Input data:
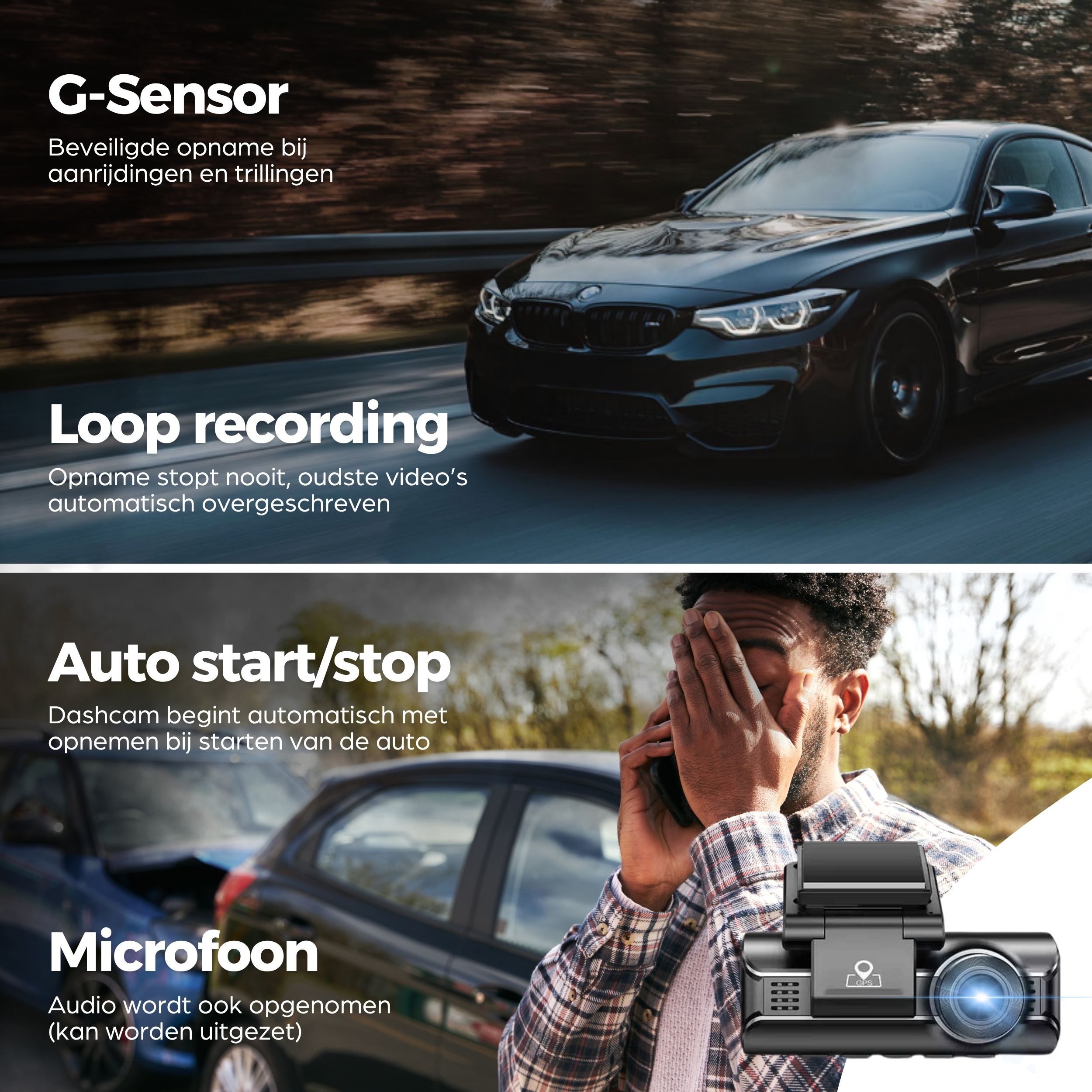 De meegeleverde achter camera en interieur camera's zijn uitgerust met een FullHD (1080p) beeldsensor zodat ook alles wat achter en in de auto gebeurt in de beste kwaliteit wordt vastgelegd. Kentekens en personen zijn dus altijd herkenbaar in beeld, óók in het donker.
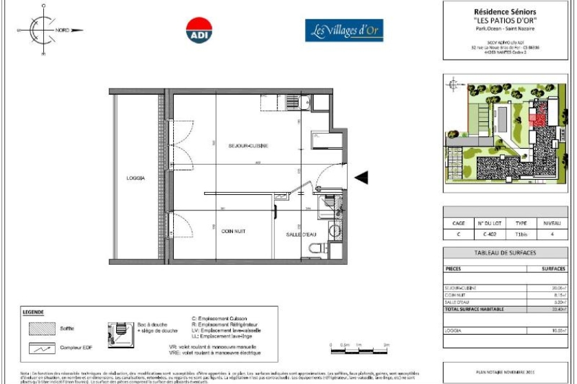 Au sein d'une résidence seniors de 2013, Au 4ème étage un appartement de type T1 bis de 33m² comprenant une pièce de vie avec coin cuisine aménagée et équipée (plaque et hotte), un coin nuit.
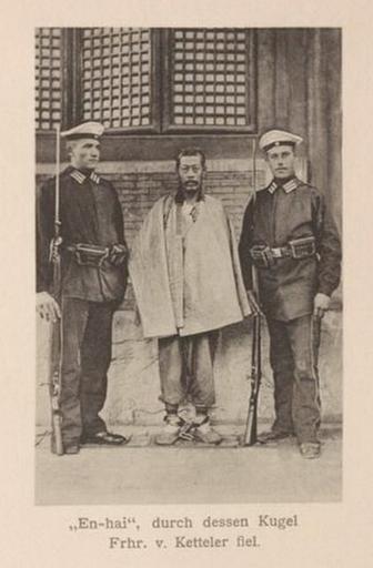 | Keywords: Enhai.jpg en En Hai the murder of en Clemens von Ketteler zh 打死克林德的清兵恩海 In und um Peking wahrend der Kriegswirren 1900-1901 Dr Wang Meerscheidt- Hullessem 1900 PD-old Source In und um Peking wahrend der Kriegswirren 1900-1901 Boxer Rebellion 1900 deaths Qing Dynasty Criminals from China |

Description of the task: Starting at the top of the listing above, please restate word for word each line up to and including the one that holds "Au sein d'une", omitting every image.

Task solution:
 De meegeleverde achter camera en interieur camera's zijn uitgerust met een FullHD (1080p) beeldsensor zodat ook alles wat achter en in de auto gebeurt in de beste kwaliteit wordt vastgelegd. Kentekens en personen zijn dus altijd herkenbaar in beeld, óók in het donker.
 Au sein d'une résidence seniors de 2013, Au 4ème étage un appartement de type T1 bis de 33m² comprenant une pièce de vie avec coin cuisine aménagée et équipée (plaque et hotte), un coin nuit.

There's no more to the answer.